(ACTIVITY):
Every line below from the one containing "ROUBAIX, FRANCE –" through the one containing "青蒜洗净切小段,洋葱洗净切丝,胡萝卜洗净切菱形块,青椒洗净去籽切块" is to be printed exactly, with the pictures omitted.

(DATASET RECORDS):
----

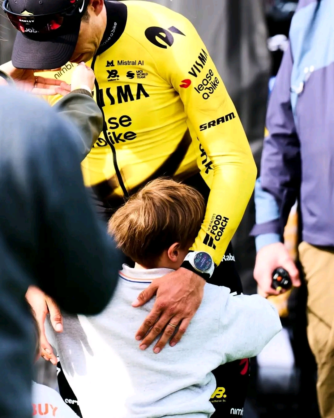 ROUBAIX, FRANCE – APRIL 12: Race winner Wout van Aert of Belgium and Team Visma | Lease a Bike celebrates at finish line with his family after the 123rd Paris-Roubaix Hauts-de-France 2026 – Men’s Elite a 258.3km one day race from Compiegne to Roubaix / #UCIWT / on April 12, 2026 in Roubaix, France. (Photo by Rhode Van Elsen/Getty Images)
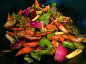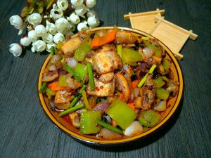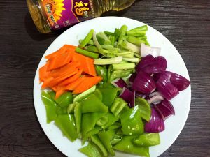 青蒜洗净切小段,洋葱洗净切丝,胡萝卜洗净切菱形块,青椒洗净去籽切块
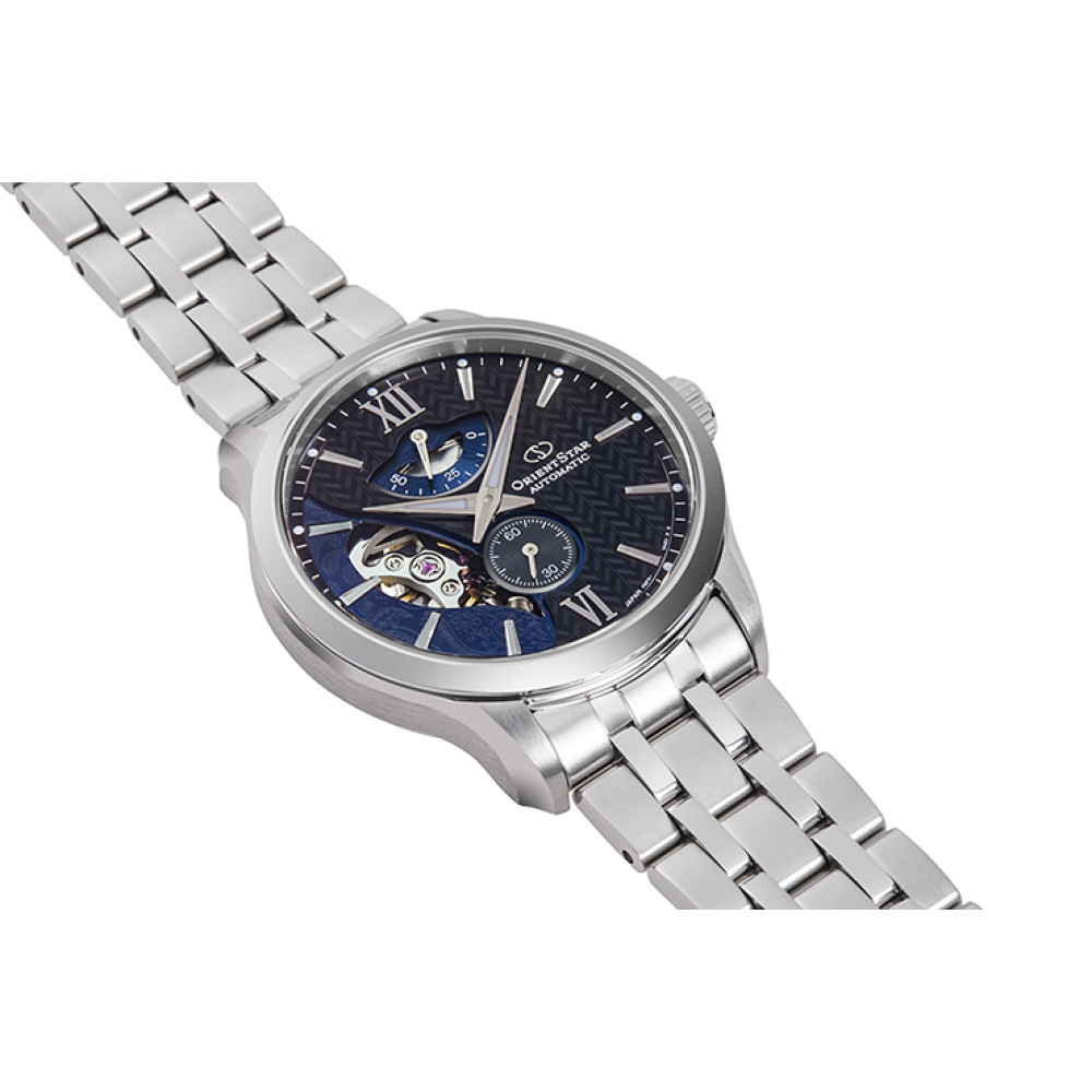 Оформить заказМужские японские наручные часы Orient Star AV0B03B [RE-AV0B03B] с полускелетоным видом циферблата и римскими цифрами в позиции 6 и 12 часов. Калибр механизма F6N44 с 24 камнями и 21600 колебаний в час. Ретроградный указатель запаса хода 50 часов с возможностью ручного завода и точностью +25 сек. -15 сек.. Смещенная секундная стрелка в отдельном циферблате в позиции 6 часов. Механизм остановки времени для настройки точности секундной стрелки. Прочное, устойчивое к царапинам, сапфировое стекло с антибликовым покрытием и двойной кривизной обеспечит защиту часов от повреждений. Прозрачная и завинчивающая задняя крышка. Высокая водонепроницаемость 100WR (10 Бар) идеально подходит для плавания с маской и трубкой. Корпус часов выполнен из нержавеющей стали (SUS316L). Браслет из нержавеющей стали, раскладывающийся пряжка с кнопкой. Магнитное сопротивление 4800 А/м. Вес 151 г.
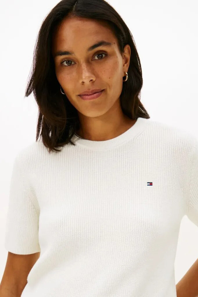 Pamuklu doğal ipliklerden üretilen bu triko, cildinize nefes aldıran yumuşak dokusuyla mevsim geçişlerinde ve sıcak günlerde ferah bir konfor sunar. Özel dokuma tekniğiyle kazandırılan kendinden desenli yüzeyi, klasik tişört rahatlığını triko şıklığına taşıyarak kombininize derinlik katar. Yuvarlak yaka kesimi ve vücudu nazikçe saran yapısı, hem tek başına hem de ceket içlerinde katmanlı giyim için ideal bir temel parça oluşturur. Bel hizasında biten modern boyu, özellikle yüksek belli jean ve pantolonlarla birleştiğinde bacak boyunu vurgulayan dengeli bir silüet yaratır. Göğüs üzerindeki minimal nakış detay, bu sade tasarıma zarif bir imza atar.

----

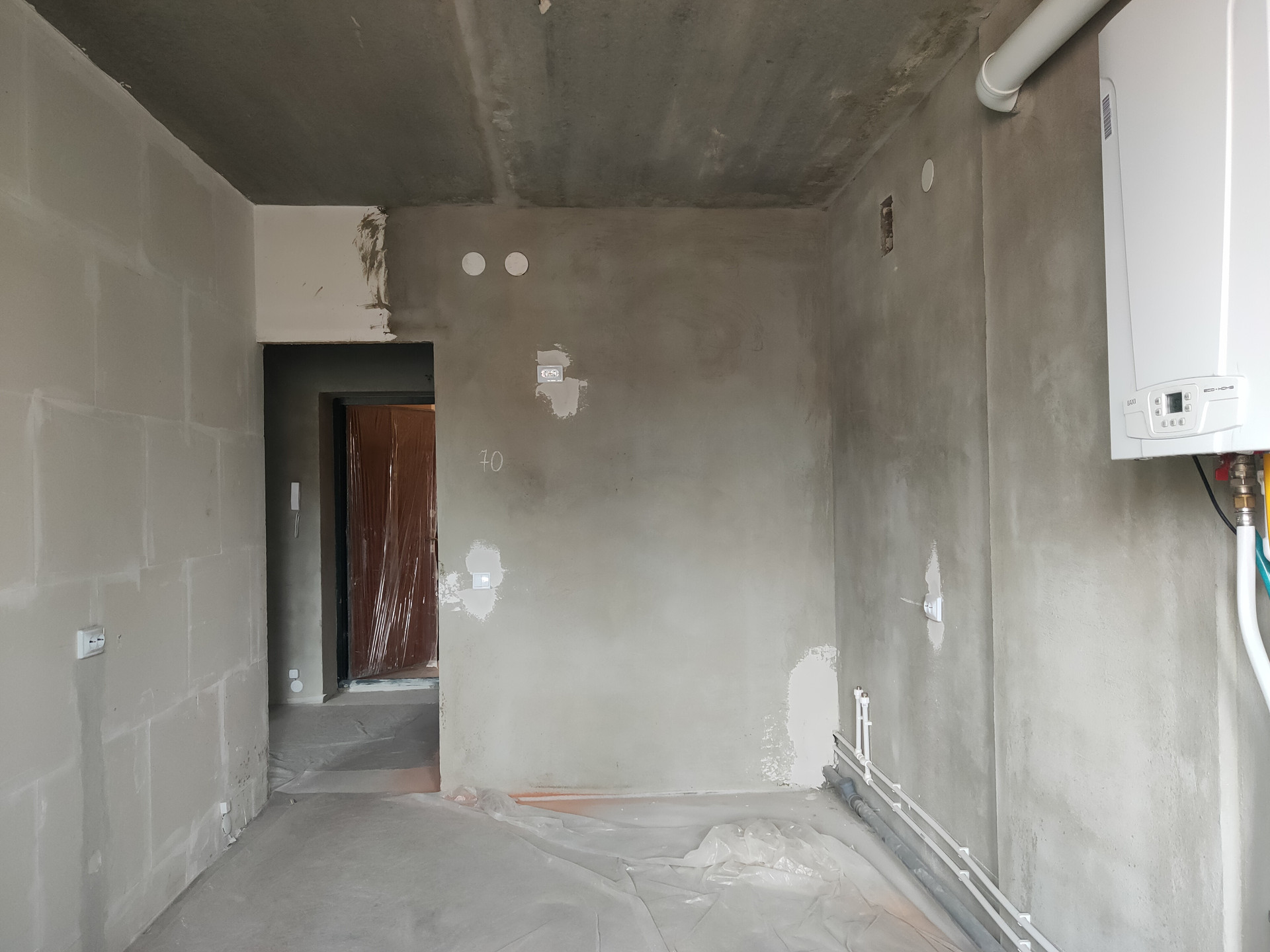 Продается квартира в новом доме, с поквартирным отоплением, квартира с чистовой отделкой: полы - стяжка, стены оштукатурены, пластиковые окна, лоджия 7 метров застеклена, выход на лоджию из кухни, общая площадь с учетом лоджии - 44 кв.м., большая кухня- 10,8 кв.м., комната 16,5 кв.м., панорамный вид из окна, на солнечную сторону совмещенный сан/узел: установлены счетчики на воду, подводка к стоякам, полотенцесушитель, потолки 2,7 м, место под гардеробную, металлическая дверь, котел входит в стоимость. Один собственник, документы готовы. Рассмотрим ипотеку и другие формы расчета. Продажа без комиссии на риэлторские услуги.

----

(OUTPUT OF THE EXERCISE):
 ROUBAIX, FRANCE – APRIL 12: Race winner Wout van Aert of Belgium and Team Visma | Lease a Bike celebrates at finish line with his family after the 123rd Paris-Roubaix Hauts-de-France 2026 – Men’s Elite a 258.3km one day race from Compiegne to Roubaix / #UCIWT / on April 12, 2026 in Roubaix, France. (Photo by Rhode Van Elsen/Getty Images)
 青蒜洗净切小段,洋葱洗净切丝,胡萝卜洗净切菱形块,青椒洗净去籽切块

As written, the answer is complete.